For each default box we predict:
- the probability of it belong to a certain class
- the x and y offsets to the center of the default box
- the width and height scales to the width and height of the default box
The default box setup in ssd.py:
mbox = {
# number of boxes per feature map location
'300': [4, 6, 6, 6, 4, 4],
'512': [],
}
def multibox(vgg, extra_layers, cfg, num_classes):
loc_layers = []
conf_layers = []
vgg_source = [24, -2]
for k, v in enumerate(vgg_source):
loc_layers += [
nn.Conv2d(vgg[v].out_channels,
cfg[k] * 4, kernel_size=3, padding=1)]
conf_layers += [
nn.Conv2d(vgg[v].out_channels,
cfg[k] * num_classes, kernel_size=3,
padding=1)]
for k, v in enumerate(extra_layers[1::2], 2):
loc_layers += [
nn.Conv2d(v.out_channels, cfg[k]
* 4, kernel_size=3, padding=1)]
conf_layers += [
nn.Conv2d(v.out_channels, cfg[k]
* num_classes, kernel_size=3, padding=1)]
return vgg, extra_layers, (loc_layers, conf_layers)
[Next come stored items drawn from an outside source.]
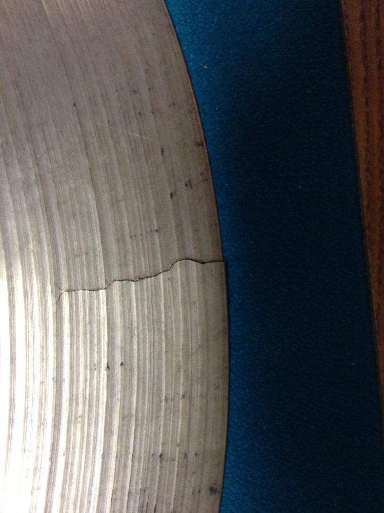 There was a trust that you left with your son when you and your wife went on vacation and it will take awhile for that trust to come back.Even tho` he may show no remorse in the fact,he does know what he did and will have to live with that always.I remember doing stupid things in the past and remember them to this day(lies incl.)I think that this was a permanent lesson for this young man that he will not soon forget.Very sorry about your vintage cymbal,heads are replaceable...but you`ve got a (Y crack) at the end of the main one.1/8 " drill bit at the top of each Y will slow it down but not stop it.
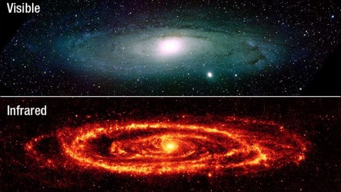 As it turns out, this galaxy can be seen in visible light, it’s just very dim, and partially obscured by dust and by foreground emissions. Even the Hubble Space Telescope, for all its power, can only obtain an image that pales in comparison to the infrared shots that an observatory like WISE can take.
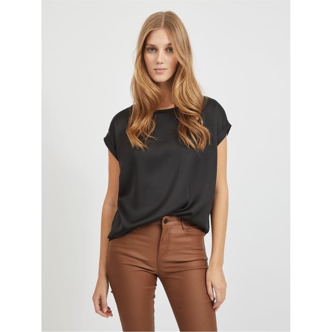 Refresh your casual wardrobe with the Vila Ellette Top, featuring a lightweight construction with a round collar and short cap sleeves, finished off with a solid colour block design and the Vila branding. -
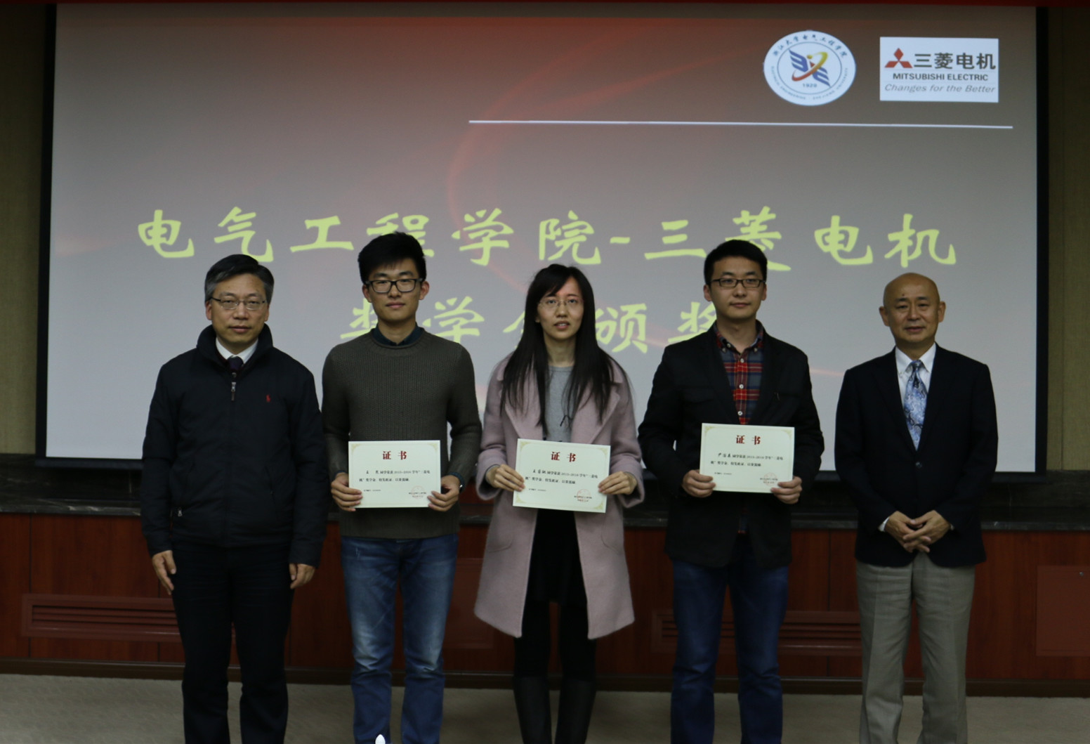 本年度学院共计有4名博士研究生、7名硕士研究生获得了三菱电机奖学金。四个所大亮先生对获奖的学生表示热烈的祝贺。回馈社会、关怀教育是三菱电机一贯的宗旨。他表示,在新的十年开启之际,三菱电机会一如既往地支持电气学院的人才培养事业与中国的电气工程事业,为技术创新、科技进步贡献力量。
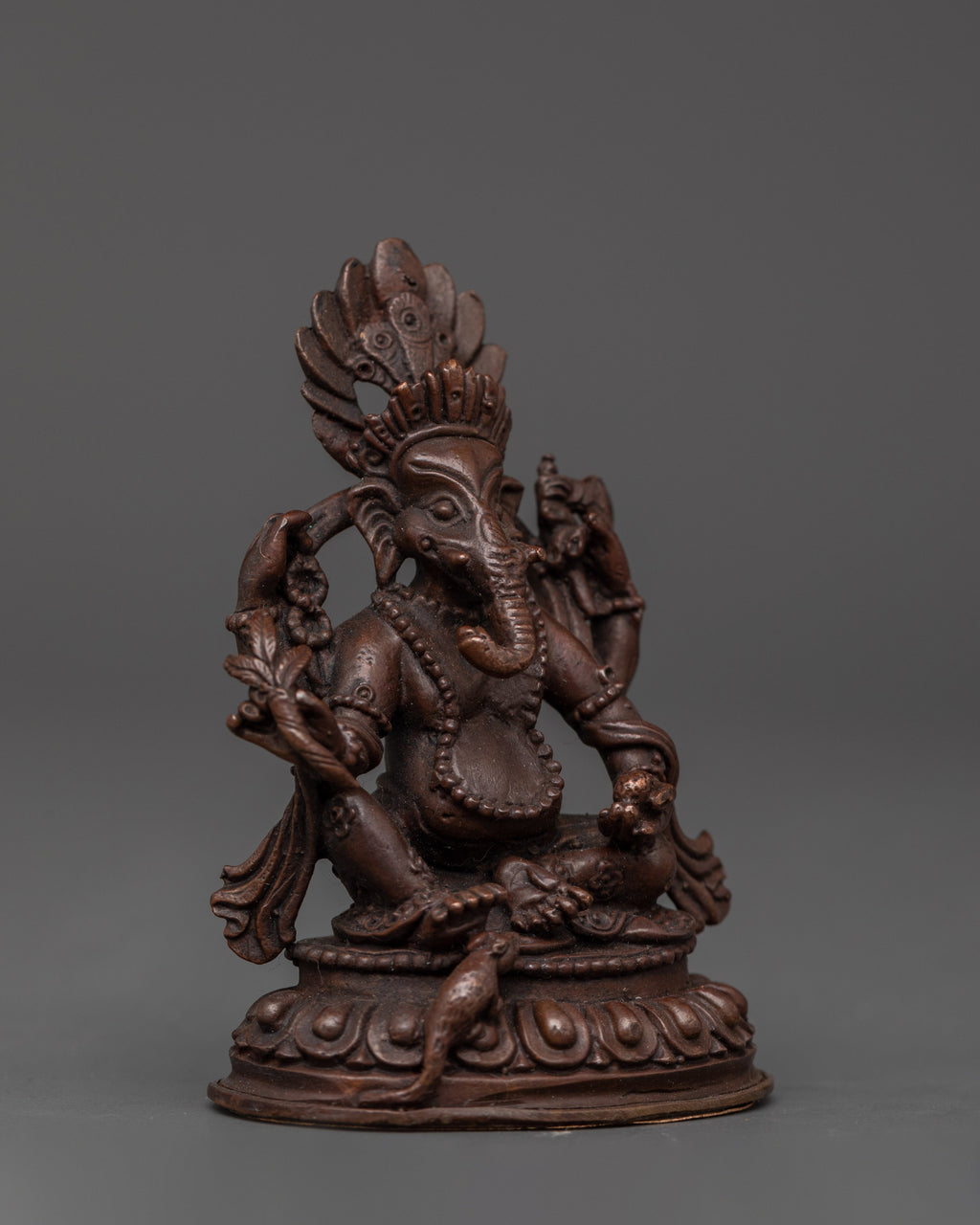 This Oxidized Copper Hindu lord Ganesha Statue is a handcrafted small idol that captures the grace and might of Lord Ganesha, the remover of barriers and bringer of knowledge. This little sculpture, measuring 6.5 cm in height by 4.5 cm in breadth and weighing only 0.062 kg, is excellent for personal altars, home temples, or sacred workshops. The oxidized finish emphasizes its sacred appeal, giving it a spiritual presence that combines traditional beauty.

def build_ssd(phase, size=300, num_classes=21):
if phase != "test" and phase != "train":
print("Error: Phase not recognized")
return
if size != 300:
print("Error: Sorry only SSD300 is supported currently!")
return
return SSD(
phase, *multibox(vgg(base[str(size)], 3),
add_extras(extras[str(size)], 1024),
mbox[str(size)], num_classes),
num_classes
)
SSD use two layers from the VGG model — Conv4_3
and Conv7/FC7
, which correspond to layer index 24 and -2 (that is, before relu activation). This way of getting layers is a bit shaky. If we decided to use use batch_norm=True
in VGG construction, the multibox construction would get the wrong layer. The same should go with extra layers as well, but in fact batch_norm=True
has not even been implemented yet in add_extras()
.
For extra layers, we use the second layer as feature map in every two layers. One weird part is that because final layer Conv11_2
has shape (256, 1, 1), so 3x3 convolution isn’t really necessary. I guess it just for the simplicity of code structure.
Note we should have num_class
+ 4 (x, y, w, h) outputs per default box.
Exercise
Try to verify the number of default boxes in SSD300 (the one implemented).
Solution
Conv4_3
:38 * 38 * 4 = 5776
Conv7
:19 * 19 * 6 = 2166
Conv8_2
:10 * 10 * 6 = 600
Conv9_2
:5 * 5 * 6 = 150
Conv10_2
:3 * 3 * 4 = 36
Conv11_2
:4
Total: 5776+ 2166 + 600 + 150 + 36 + 4 = 8732
Note that this calculation includes default boxes from padded cells, which will always be zeros, thereby essentially useless boxes.
Additional exercise: calculate the number of valid default boxes in SSD300.
To be continued
We still haven’t discuss how to map those default boxes back to actual locations in the input images, how do we pick correct default boxes that matches the ground truth, and how to construct loss function to train the network. They will be addressed in the next post.
(2017/07/28 Update: Here are the links to the second part and the third part of the series.)
(2018/07/12 Update: Someone asked me an interesting question privately. With that person’s permission, the Q&A is reposted here:
Q: I tried to read both paper VGG-16 and SSD and everywhere it is mentioned that SSD used VGG-16 architecture but SSD architecture image from original paper starts from size (38 X 38 X 512) but only size available in VGG-16 architecture is (224x224x64),(112x112x128),(56x56x256) and so on but nowhere its (38x38x512).
A: Note the (official) input image size of VGG16 is 224, and the one of SSD is 300. For 224, the feature map evolve as (224, 224, 64), (112, 112, 128), (56, 56, 256) and (28, 28, 512) as you said. But if you put (300, 300, 3) image input into the VGG16 architecture. The feature map evolution becomes (300, 300, 64), (150, 150, 128), (75, 75, 256), (38, 38, 512).)